Today I finished rewriting the hashtable locking logic. I've added the diff
below.
Still a few consideration to make:
For now I use an array of a fixed size which is used to store the elements to
be deleted.
This array is filled (with a read lock) through the do_all lhash function which
calls the t_old function.
If the array is full the do_all method can't be stopped and thus t_old just
returns. After do_all is finished, the items are deleted (with a write lock).
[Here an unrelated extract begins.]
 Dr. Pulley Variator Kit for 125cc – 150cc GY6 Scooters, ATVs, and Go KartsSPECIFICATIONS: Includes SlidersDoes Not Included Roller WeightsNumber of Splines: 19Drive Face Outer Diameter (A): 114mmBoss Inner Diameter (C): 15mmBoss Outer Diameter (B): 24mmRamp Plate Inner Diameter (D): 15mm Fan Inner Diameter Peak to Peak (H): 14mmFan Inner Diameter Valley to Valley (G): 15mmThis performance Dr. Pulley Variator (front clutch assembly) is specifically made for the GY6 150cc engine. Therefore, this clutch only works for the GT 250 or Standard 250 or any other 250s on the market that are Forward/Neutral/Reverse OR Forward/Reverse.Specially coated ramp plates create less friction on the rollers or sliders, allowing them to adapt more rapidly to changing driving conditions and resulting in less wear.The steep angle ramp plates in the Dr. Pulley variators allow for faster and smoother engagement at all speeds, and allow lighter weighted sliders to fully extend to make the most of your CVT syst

There are a few things that come to mind with this solution. The size of the
array is fixed. What if every minute more items are added than deleted? I
suggest that we make this size variable. Either in the config or calculate it.
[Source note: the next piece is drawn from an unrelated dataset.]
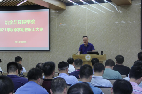 9月22日下午,学院在金贵楼420召开全院教职工大会,学院经理柴立元院士、党委书记成琼文等领导班子成员以及全体教职工出席本次会议,会议由陈爱良副经理主持。
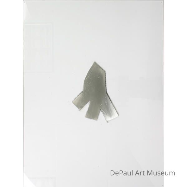 Geometric shape cast in metal, encased in the center of a plexiglass sheet.Artwork Details

Also I found a bug in the Makefile. I edited the pound.h file but the poundctl
binairy didn't rebuild. I think there's something wrong with the dependencies.
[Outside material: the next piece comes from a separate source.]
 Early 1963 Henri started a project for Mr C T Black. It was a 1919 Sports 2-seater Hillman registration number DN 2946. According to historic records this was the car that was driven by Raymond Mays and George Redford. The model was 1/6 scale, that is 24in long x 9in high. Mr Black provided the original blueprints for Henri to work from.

Here are two benchmarks. The table is cleaned every 5 seconds. The size of the
array is 512 (this may need some tweaking less can be better).
Configfile:
ListenHTTP
Address Address xxx.xxx.xxx.186
Port 88
Service
BackEnd
Address xxx.xxx.xxx.186
Port 40081
End
BackEnd
Address xxx.xxx.xxx.186
Port 40081
End
Session
Type Cookie
ID "pound"
TTL 100
End
End
End
Version 2.6b:
# ab -n 20000 -c 20 http://xxx.xxx.xxx.xxx/pound.mhtml
Document Path: /pound.mhtml
Document Length: 87 bytes
Concurrency Level: 20
Time taken for tests: 35.784378 seconds
Complete requests: 20000
Failed requests: 0
Write errors: 0
Total transferred: 5100255 bytes
HTML transferred: 1740087 bytes
Requests per second: 558.90 [#/sec] (mean)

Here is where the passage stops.